__DIRECTIONS__: Please copy exactly the part of the records below that opens with the line containing "POWERTECH πολύπριζο PT-870, 5x" and closes with the line containing "tomates confites .", leaving out any pictures.

======== SUPPLIED DATA ========

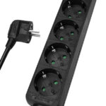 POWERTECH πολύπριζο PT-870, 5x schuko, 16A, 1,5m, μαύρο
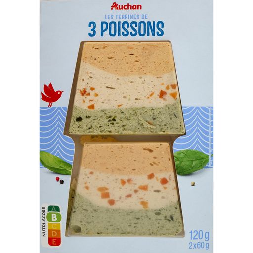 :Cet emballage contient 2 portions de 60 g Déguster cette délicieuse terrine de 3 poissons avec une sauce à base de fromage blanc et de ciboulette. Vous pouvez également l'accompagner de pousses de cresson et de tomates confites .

========
======== SUPPLIED DATA ========

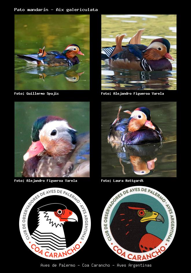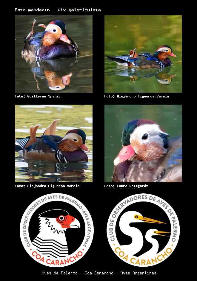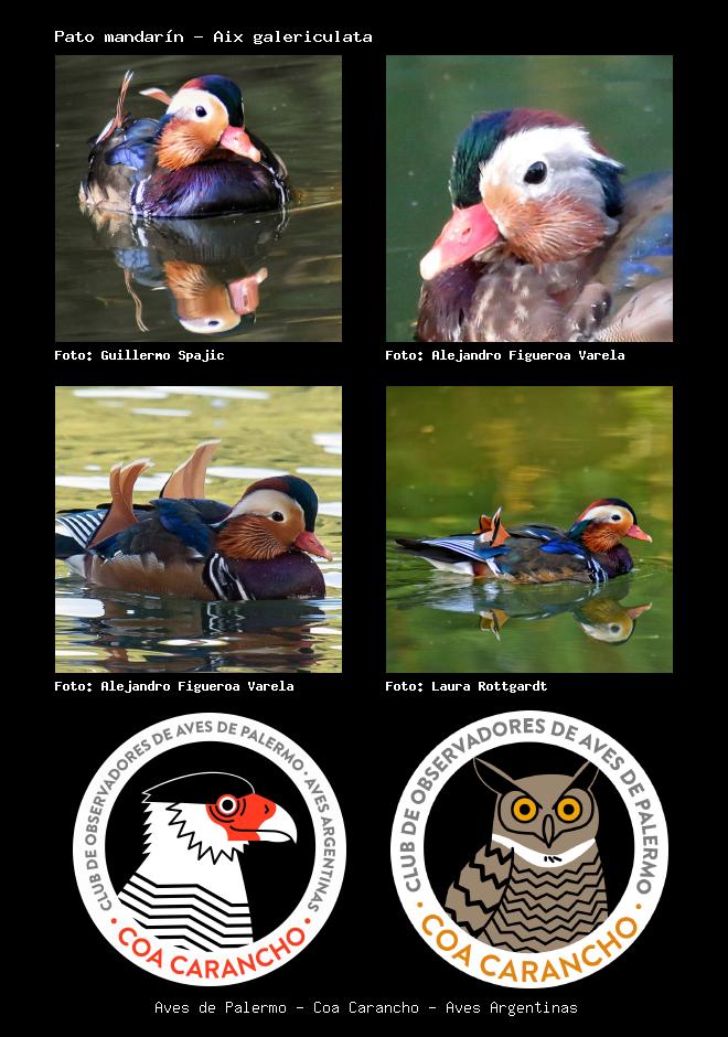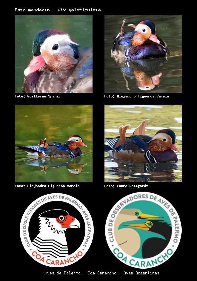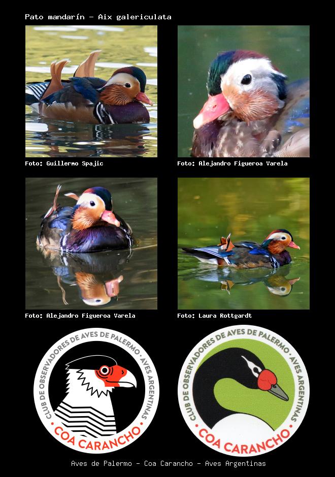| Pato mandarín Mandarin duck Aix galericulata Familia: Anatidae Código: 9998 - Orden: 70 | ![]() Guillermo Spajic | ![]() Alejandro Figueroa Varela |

========

__RESPONSE TO THE EXERCISE__:
 POWERTECH πολύπριζο PT-870, 5x schuko, 16A, 1,5m, μαύρο
 :Cet emballage contient 2 portions de 60 g Déguster cette délicieuse terrine de 3 poissons avec une sauce à base de fromage blanc et de ciboulette. Vous pouvez également l'accompagner de pousses de cresson et de tomates confites .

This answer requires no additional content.